Stored as Structured Data using Tuples
We can represent the nested object request as a Tuple. This provides comparable functionality to nested.
First, we will create a table like this:
CREATE TABLE IF NOT EXISTS http_structured_tuples
(
`@timestamp` Int32,
`clientip` IPv4,
`request` Tuple(method LowCardinality(String), path String, version LowCardinality(String)),
`status` UInt16,
`size` UInt32,
`timestamp` DateTime DEFAULT toDateTime(`@timestamp`)
)
ENGINE = MergeTree
ORDER BY (status, request, timestamp);Then, we will insert data into http_structured_tuples like:
INSERT INTO http_structured_tuples (`@timestamp`, clientip, request, status, size) SELECT
`@timestamp`,
clientip,
(request['method'], request['path'], request['version']),
status,
size
FROM s3('https://datasets-documentation.s3.eu-west-3.amazonaws.com/http/documents-01.ndjson.gz', 'JSONEachRow', '`@timestamp` Int32, clientip IPv4, request Map(String, String), status UInt16, size UInt16');Now we check how many records we have in our table and display the first 5 rows:
SELECT count() AS `# of messages`
FROM http_structured_tuples;
-- Output
┌─# of messages─┐
│ 10000000 │
└───────────────┘
SELECT *
FROM http_structured_tuples
LIMIT 5;
-- Output
┌─@timestamp─┬─clientip───┬─request────────────────┬─status─┬─size─┬───────────timestamp─┐
│ 893966408 │ 23.0.0.0 │ ('GET','/','HTTP/1.0') │ 200 │ 8712 │ 1998-04-30 20:00:08 │
│ 893966414 │ 35.0.0.0 │ ('GET','/','HTTP/1.0') │ 200 │ 8712 │ 1998-04-30 20:00:14 │
│ 893966414 │ 232.41.0.0 │ ('GET','/','HTTP/1.0') │ 200 │ 8749 │ 1998-04-30 20:00:14 │
│ 893966425 │ 47.0.0.0 │ ('GET','/','HTTP/1.0') │ 200 │ 8712 │ 1998-04-30 20:00:25 │
│ 893966436 │ 55.0.0.0 │ ('GET','/','HTTP/1.0') │ 200 │ 8712 │ 1998-04-30 20:00:36 │
└────────────┴────────────┴────────────────────────┴────────┴──────┴─────────────────────┘We are ready to perform some analysis.

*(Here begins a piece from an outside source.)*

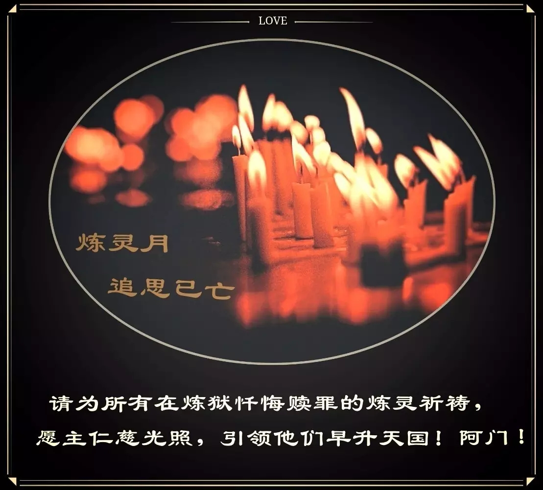 今天,我们缅怀我们已故的亲友。我们感谢主赐给我们礼物,把他们放在我们身边。我们为他们及所有的已故者祈祷;为那些因认识基督和祂的福音而拥有快乐的人祈祷,也为那些还没有被复活之光所启迪的人祈祷,因为他们还没有生活在希望之中。我们希望我们的爱能惠及所有已故者。

For example, we can query data for a fixed time period and with some additional conditions like:
SELECT
status,
request.method AS method,
count() AS `# number of messages`
FROM http_structured_tuples
WHERE (status >= 400) AND ((timestamp >= '1998-01-01 00:00:00') AND (timestamp <= '1998-06-01 00:00:00'))
GROUP BY
method,
status
ORDER BY `# number of messages` DESC;
-- Output
┌─status─┬─method──┬─# number of messages─┐
│ 404 │ GET │ 11267 │
│ 404 │ HEAD │ 276 │
│ 500 │ GET │ 160 │
│ 500 │ POST │ 115 │
│ 400 │ GET │ 81 │
│ 400 │ POST │ 64 │
│ 404 │ OPTIONS │ 32 │
│ 500 │ OTHER │ 19 │
│ 404 │ POST │ 12 │
│ 404 │ OTHER │ 3 │
│ 500 │ HEAD │ 2 │
└────────┴─────────┴──────────────────────┘Stored as Structured Data using Maps
Maps represent a simple way to represent nested structures.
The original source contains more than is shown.